Task to carry out: What is printed must match, line for line, the records from their first line through the line containing "A Bevy of Californian", with pictures left out.

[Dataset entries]
------------

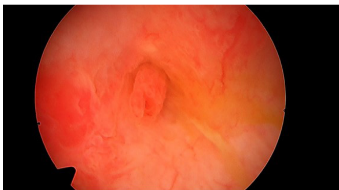
Fig. 2. A fistula opening at the dome of the bladder was detected with cystoscopy.

Meckel diverticulum was performed with partial cystectomy. Macroscopic findings also indicated that the tip of a Meckel diverticulum was connected to the urinary bladder (Fig. 4). The final histologic findings demonstrated a gastric-type Meckel diverticulum with a vesicointestinal fistula.
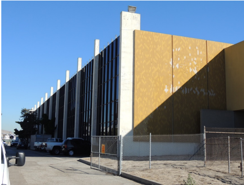
Continental Airlines General Office Building (#58, 7270 World Way West 1963)
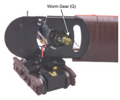
Figure 4a. Grease the Worm Gear
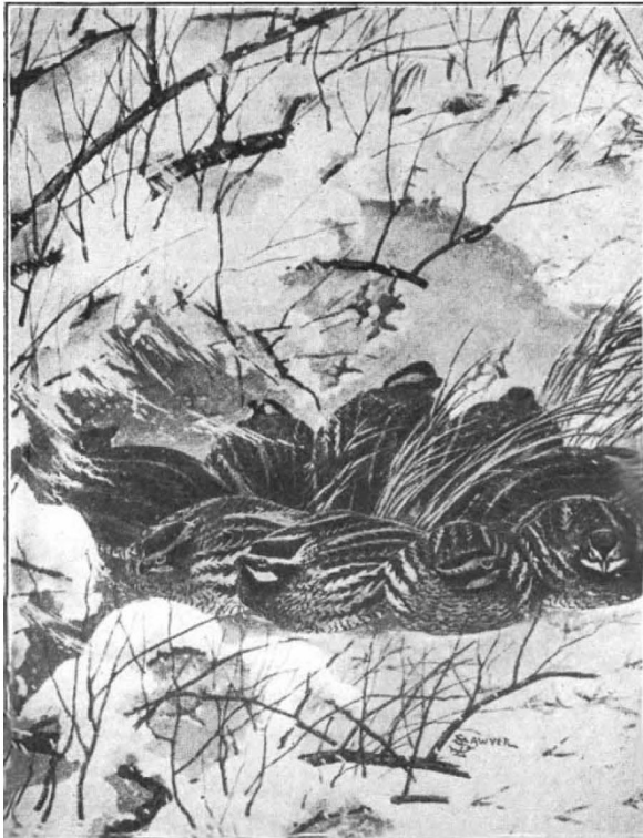
A Bevy of Californian Quail. From U.S. Educational Leaflet."

Among several "Educational Leaflets" received from the American National Association of Audubon Societies, reference may be made to the so-called Virginian quail, or "Bob White" ( Colinus virginianus ), a bevy of which forms the subject of the illustration here reproduced. The
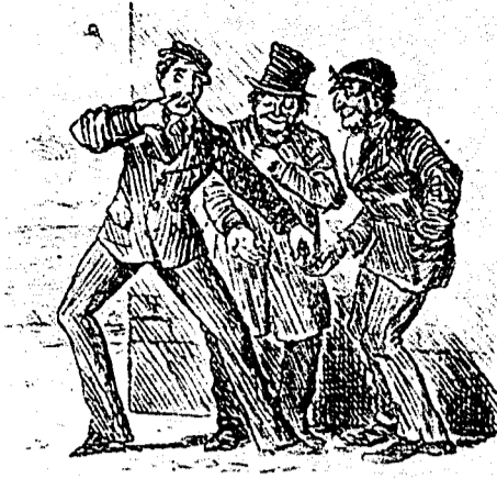
SCENE 2.—THE RISK.
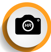
High Resolution Wide Angle Camera
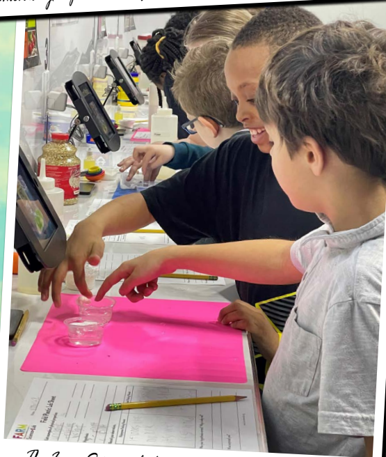
The Farm Science Lab visited Kmet in early February
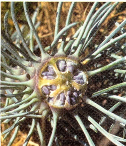
Figure 3: Gall cross-section showing developing insects.

1 Colorado State University Cooperative Extension entomologist and professor, bioagricultural sciences and pest management.
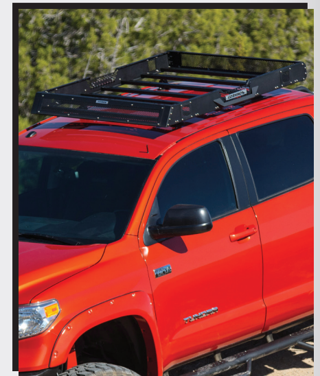
$50 eRewards All SRM100 Racks
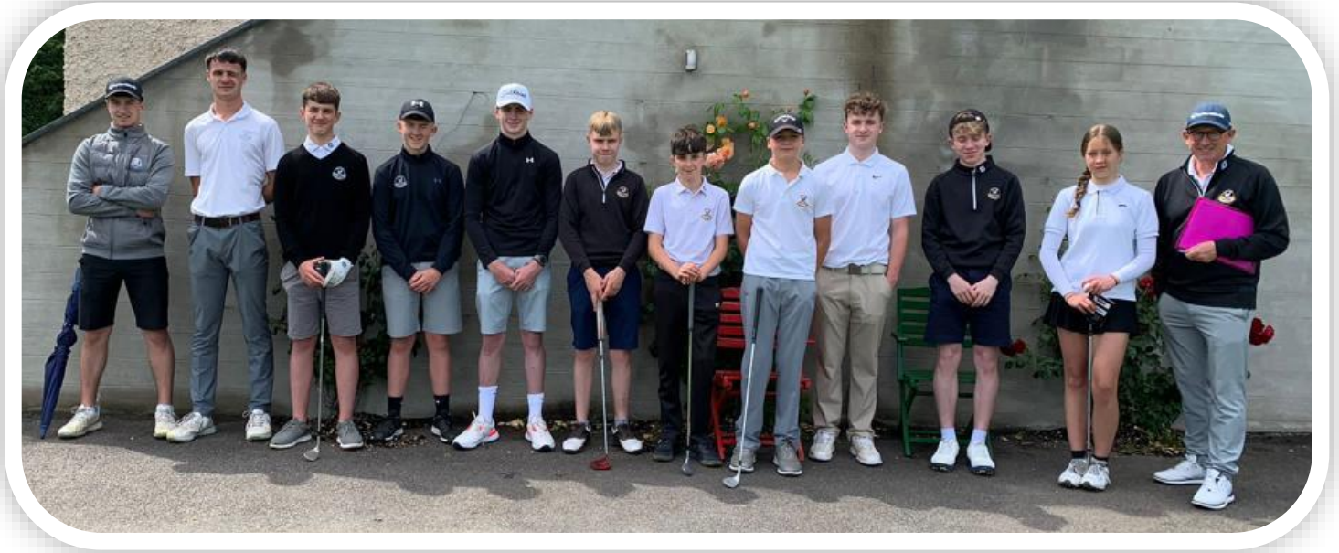
Our Junior players for the Wicklow Cup match
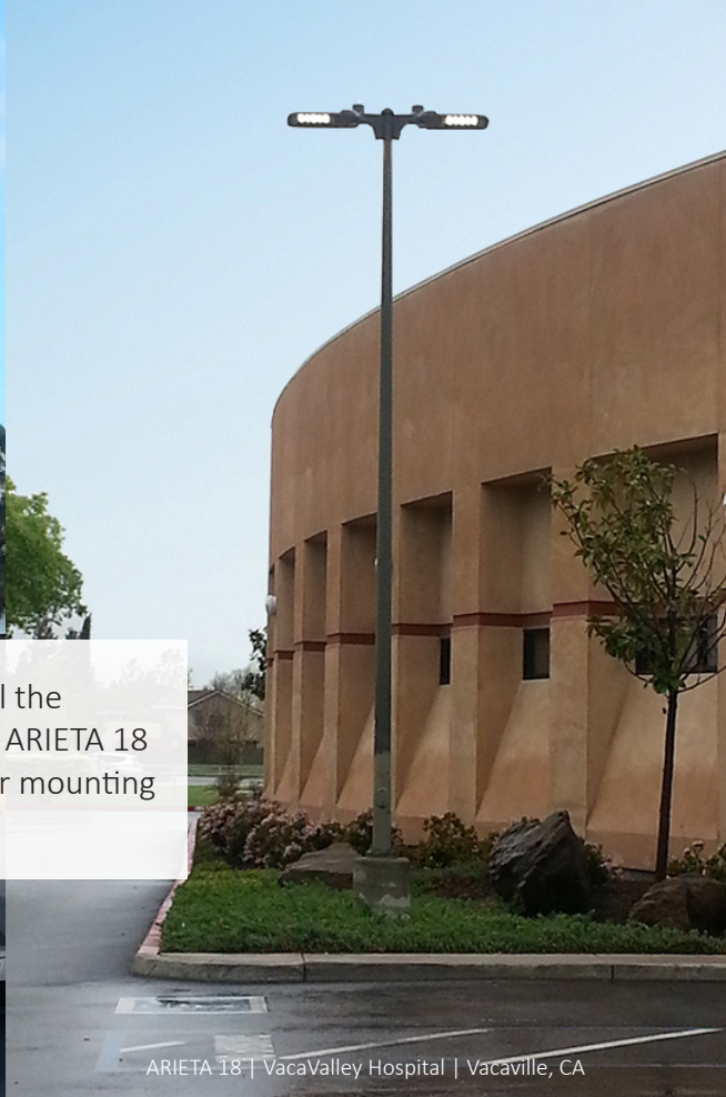
ARIETA 18 | VacaValley Hospital | Vacaville, CA

ARIETA 13 features all the benefits of the larger ARIETA 18 but is scaled for lower mounting height applications.
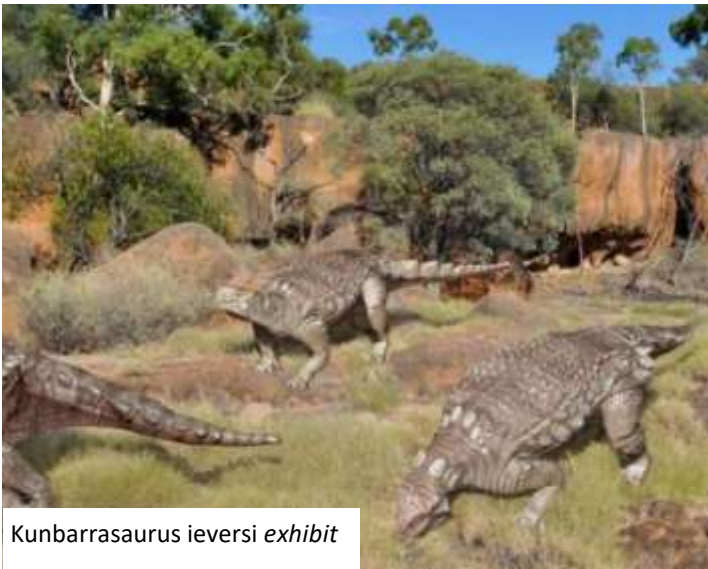
Kunbarrasaurus ieverisi exhibit

The Wavish Family Gallery was made from 3D digital reconstructions by Travis Tischler and features the Dinosaur Stampede exhibit including 24 small dinosaurs leaping across a chasm in a desperate bid to escape the clutches of a 5m long theropod!
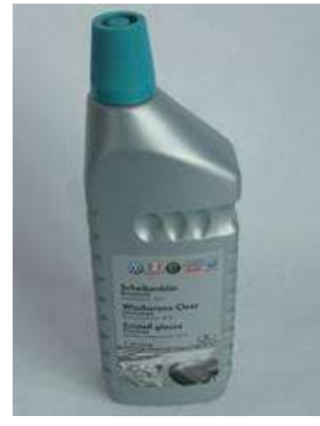
Figure 5. G 052 164 M2 windshield cleaner concentrate with anti-freeze.

5. Refill the reservoir with the correct type and concentration of solvent. Windshield cleaner concentrate with anti-freeze G 052 164 M2 works best (Figure 5). This solvent can be adjusted for freeze protection to -70° C (-94° F), prevents washer jet contamination particularly on the "fan" type of washer jet, and is highly effective in removing residues and insects from the windshield.
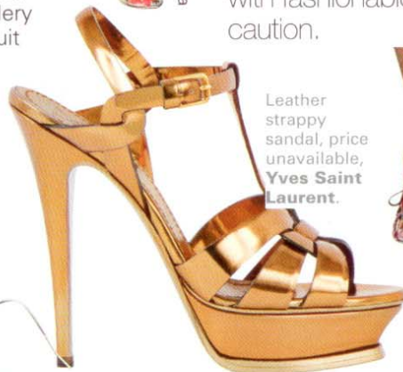
Leather strappy sandal, price unavailable, Yves Saint Laurent .

Clashing colours and prints are to be attempted with fashionable caution.
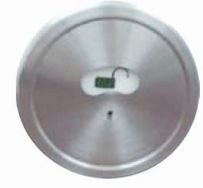
DBT-70 (Indicator outside)
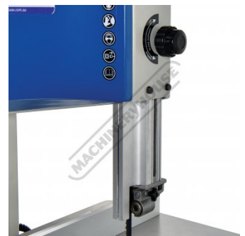
Blade Support Adjustment
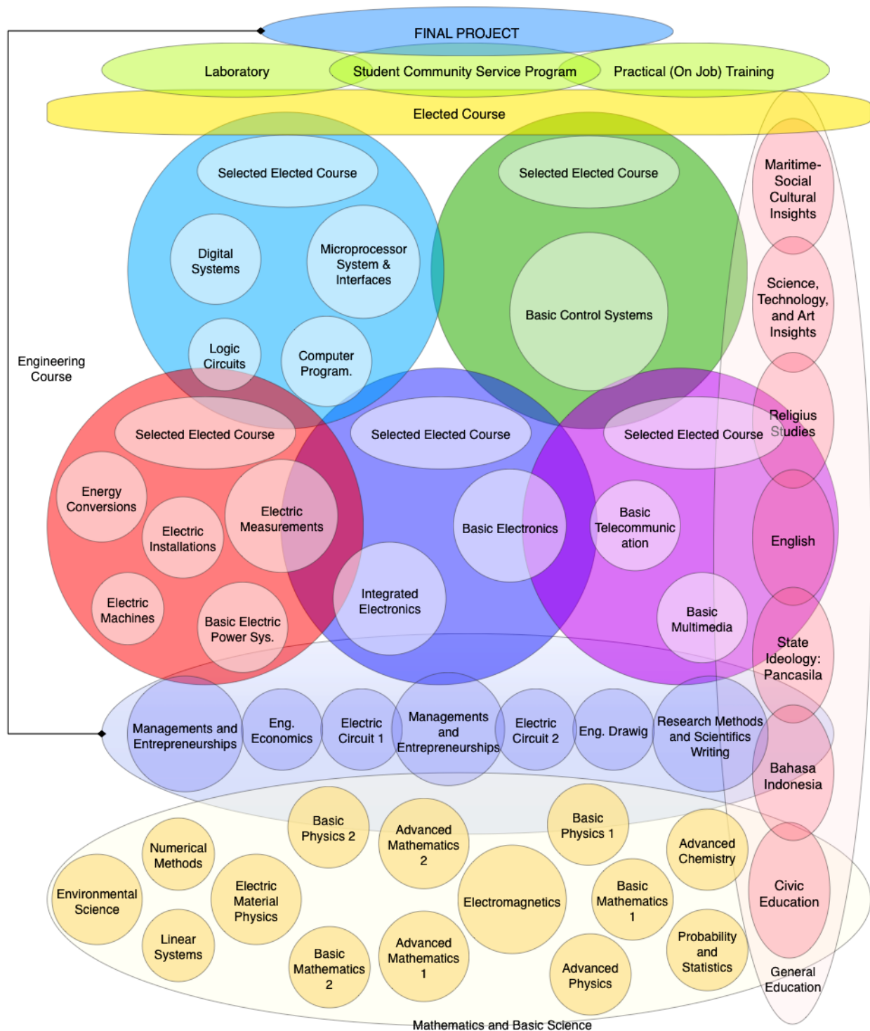
Figure 5-2 Flowchart or worksheet that illustrates the prerequisite structure of the program.
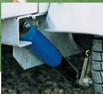
The special rubber torsion axles provide individual suspension on all four wheels – resulting in a smooth and comfortable ride.
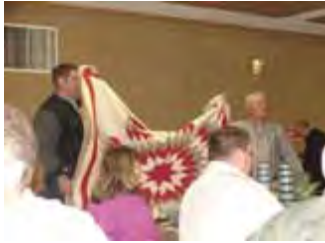
A quilt being auctioned off at the Spring Bash.

The Spring Bash was held March 20th at the Pike County Fairgrounds. The event was a huge success raising over $27,000! The night included supper, silent auction, live auction and raffle items. There were approximately 300 people in attendance.

------------

Completed task:
Fig. 2. A fistula opening at the dome of the bladder was detected with cystoscopy.

Meckel diverticulum was performed with partial cystectomy. Macroscopic findings also indicated that the tip of a Meckel diverticulum was connected to the urinary bladder (Fig. 4). The final histologic findings demonstrated a gastric-type Meckel diverticulum with a vesicointestinal fistula.
Continental Airlines General Office Building (#58, 7270 World Way West 1963)
Figure 4a. Grease the Worm Gear
A Bevy of Californian Quail. From U.S. Educational Leaflet."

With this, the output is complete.